Ni enjeu: qu'il réussisse ou non à gérer une société multiculturelle, la vie de Jean-Luc n'en sera pas bouleversée. Rien ne l'y oblige, il n'y aura pas de récompense ni de punition en cas de réussite ou d'échec. Donc c'est plat et ennuyeux. Il faut toujours courir derrière une carotte, ou fuir un bâton, surtout dans une comédie, car c'est la source du rire.

L'humour
Tout cela est d'autant plus dommage que je sais Fabrice Eboué drôle. Sur scène, du moins... Car l'humour de sketche et l'humour de sitcom ne sont pas exactement les mêmes. La plupart des vannes que j'ai relevé dans les quelques épisodes que j'ai visionné ont tout le potentiel de fonctionner dans un cadre scénique. Le problème n'est donc pas que les auteurs ne sont pas drôles, c'est qu'ils ne parviennent pas à trouver le bon emballage pour les vendre au format sitcom.

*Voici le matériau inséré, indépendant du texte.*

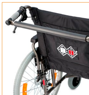
Tukevoittajatanko vakiona mukana.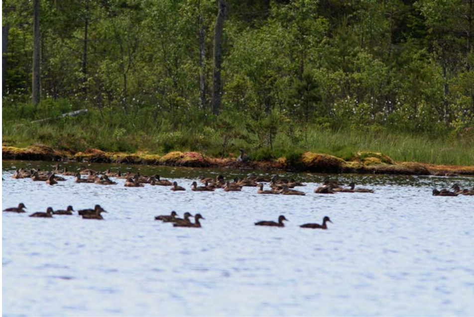
Utplanterade gräsänder och en ruvande smålom på stranden i bakgrunden. Lommen tröttnade på änderna och häckningen avbröts.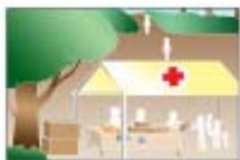
災害時の避難場所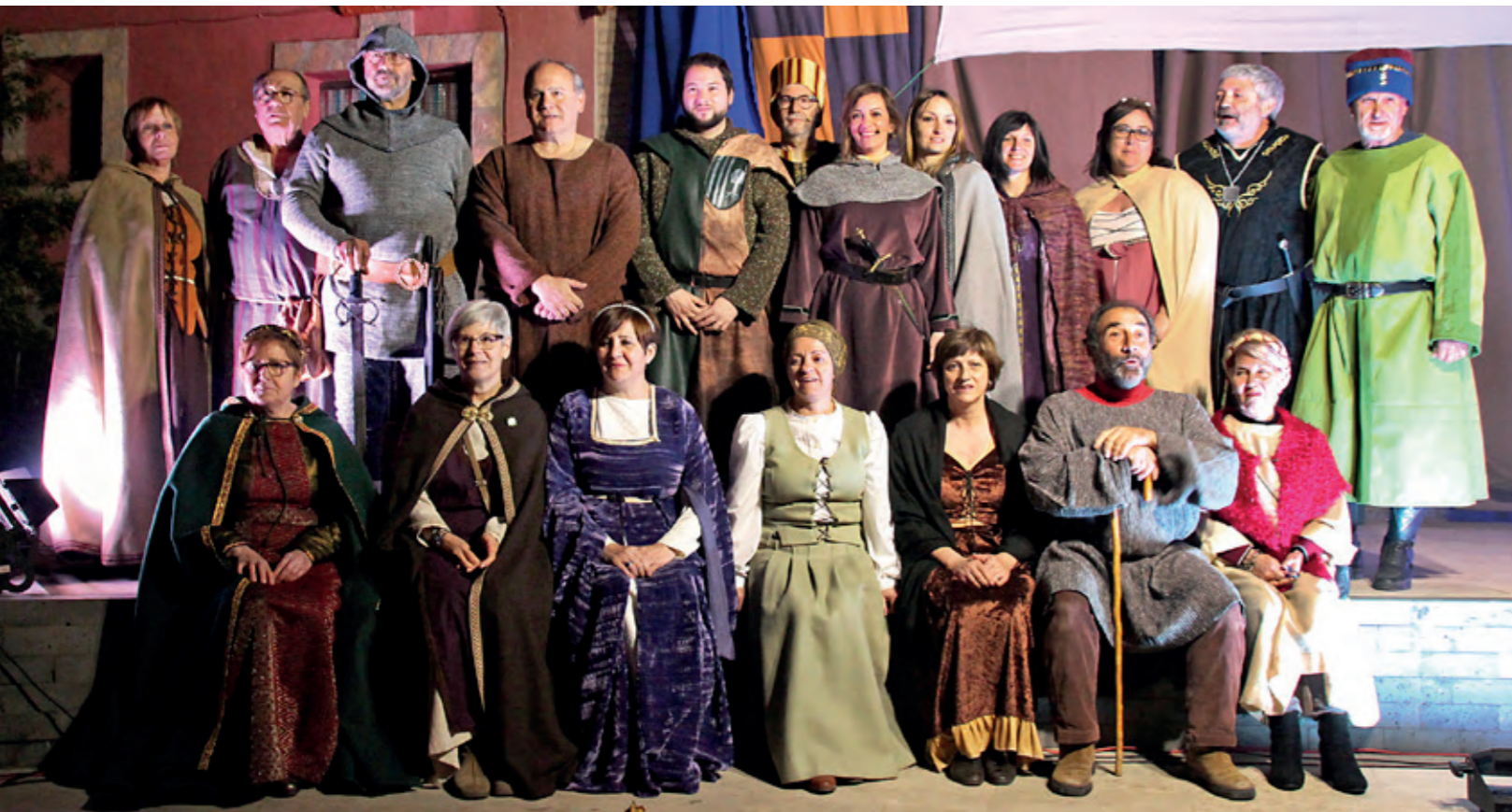
Elenco de la representación de La Dama del Olivar , de Tirso de Molina.

Ángel Terrén Cervera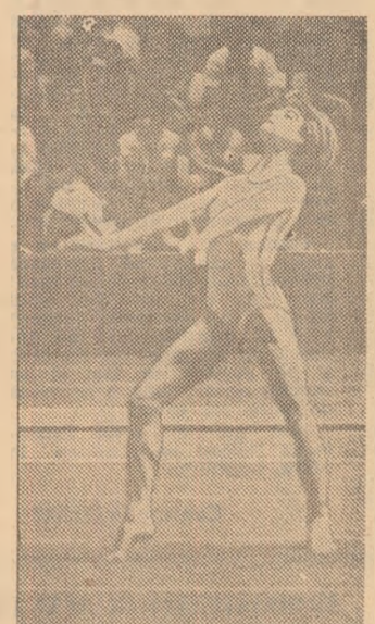
Nadia Comănești în timpul „solului” notat cu 10

Concentrați asupra disputei dintre selecționatele României și Uniunii Sovietice, spectatorii au urmărit poate mai puțin alte două echipe, cele ale R. P.

Le rythme d'une sitcom est assez particulier. Les vannes doivent arriver à un début soutenu, et constant. La moyenne est de 100 rires minimum en 22 minutes.

Dans le pilote de United Colors of Jean-Luc qui dure 23 minutes, j'ai compté (et c'est facile, il y a les rires enregistrés) exactement 57 tentatives de vannes. C'est à dire que même si ces vannes faisaient mouche à chaque fois (et c'est loin d'être le cas), on ne serait encore qu'à la moitié de l'objectif à atteindre. Ca, c'est inexcusable. Quand on veut faire une sitcom, on fait au moins l'effort de fournir un nombre de rires minimum.

Le pilote de H dépasse de loin les 100 rires: ce n'est pas un hasard si la série est toujours diffusée 10 ans après!

Un débit trop lent, donc, mais aussi une mise en forme un peu foireuse. Dans une sitcom, on est dans un enchaînement industriel de vanne/rire/vanne/rire, sans arrêt. C'est ce flux tendu qui autorise les facilités, des calembours foireux et les clichés éculés. Car le public sait toujours qu'une autre vanne arrive directement après. Mais si on laisse un blanc entre deux vannes, le public à le temps de reposer ses zygomatiques, et sera donc plus exigeant sur la qualité de la prochaine vanne. Or, United Colors of Jean-Luc ne bat aucun record dans ce domaine.

Certains répliqueront peut-être qu'il faut laisser le temps à une situation de s'installer, de rire d'une situation générale plutôt que d'un calembours précis. Mais les sitcoms ne sont pas le meilleur format pour faire ça. Si je peux emprunter une métaphore à la musique, les vannes d'une sitcom doivent être jouées staccato, et non pas legato. Ca doit arriver comme des flèches acérées, qui délimitent très précisément le moment où il faut rire.

Conclusion
Même si je suis heureux que les chaînes investissent encore dans de la sitcom, je me demande parfois si les créateurs en ont déjà regardé une! Une blague dépend aussi bien de son contenu que de son emballage, et en sitcom c'est un emballage très particulier, qui n'est pas habituel en France. En tout cas, United Colors of Jean-Luc rate son objectif de nous faire rire (quoique j'ai lu des critiques positives, donc je suis peut-être une exception: faites-vous votre opinion).